The first three had attorneys and were all convicted. The fourth represented himself. He began by challenging the jurisdiction of the court.
Before the case got started he got the judge to admit that he took an oath of office to uphold the Constitution of his state and then the united States and not the laws that have been enacted. He also admitted that if he knowingly ruled in favor of a law that ran counter to the Constitution he would lose his judicial immunity and could be personally sued for his decisions.
The pro-se defendant then went on to challenge the first thing you always challenge which is jurisdiction. He showed the judge why the federal statute could only be used for a crime committed on federal territory and in this case it was not. It was in committed in I believe California, makes no difference though, it wasn’t on federal territory or an area controlled by the District of Columbia.
The Judge ended up dismissing the charges against the pro-se and went back and reversed and dismissed the charges against the first three he convicted.
In a non-judicial state and for that matter a judicial state as well when going to state court before I did anything I would get the judge to admit on the record that his oath of office was to uphold the constitution of his state and then the United States. Further, get him to admit he loses judicial immunity if he makes a ruling that violates the constitutions. No where in his oath does he swear to uphold the laws of the state.
There is no way he can then rule against due process and the right to have your day in court to make the pretender lenders or whoever claims to hold your note prove their case. The fact judges are permitting the 4th amendment to be violated is sickening and they need to be put on notice and sued personally if they allow it to happen.
Andrew, 5-29-2010
I too am in mass, and have been fighting since 2008
maybe you and I can talk about our cases, as I never see anyone from mass on these blogs. email me
Tomuchbull61@yahoo.com
Hi Neil,
I am in MA, a Non-Judicial State. I believe I understand the secuitization process and some of the hooey that has been played on US. I have been educating myself since 8-08′.
http://www.foreclosurehamlet.org/profile/ACE
The bank issued the foreclosure notice to me stating in Nov. 09′ the property will be foreclosed.
I denied their ability to do this, knowing what I know.

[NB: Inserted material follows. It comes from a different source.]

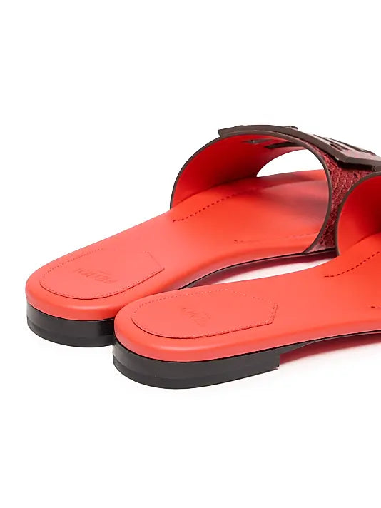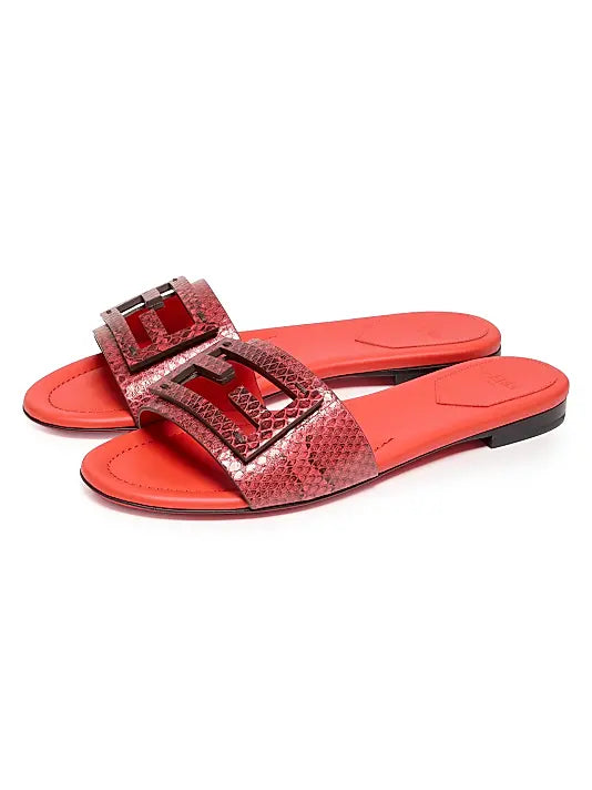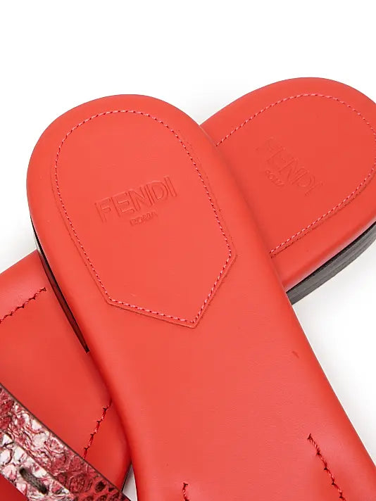 Baguette Snake-Embossed Leather Slides
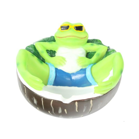 Zöld, napszemüveges, pihenő békát ábrázoló kerámia hamutartó, amely 3 szál cigaretta részére biztosít helyet. Ajándéknak is tökéletes választás.Méretek: 13,5 x 8 cm

Next to appear in the mail was an acceleration of the Note to it’s full term and I had 30 days to respond and it came from a Law Firm in Feb 10′.
I responded, within the 30 day window, USPS-CRRR, denying the debt in its Validity and in it’s Entirety .
I also requested all of the documents in their possession regarding the reasoning for acceleration, also within 30 days.
The Firm responded in 48 days stating…”We will put OUR case on hold until we investigate.”
1 – 18 Days late…
2 – On Hold? Investigate now?
I returned to the Firm a very stern USPS-CRRR letter stating how I had obliged to all of the Firms requests, and how the bank has never reponded to me in writing in regards to my requests for the full document package.
Now THEY do an investigation? THEY dont respond to my 30 day requests?
All well and good, I guess?, NOT…Maybe standard procedure?
Three(3) months later the bank starts calling again. I gave POA to very trusting sources to act on my behalf.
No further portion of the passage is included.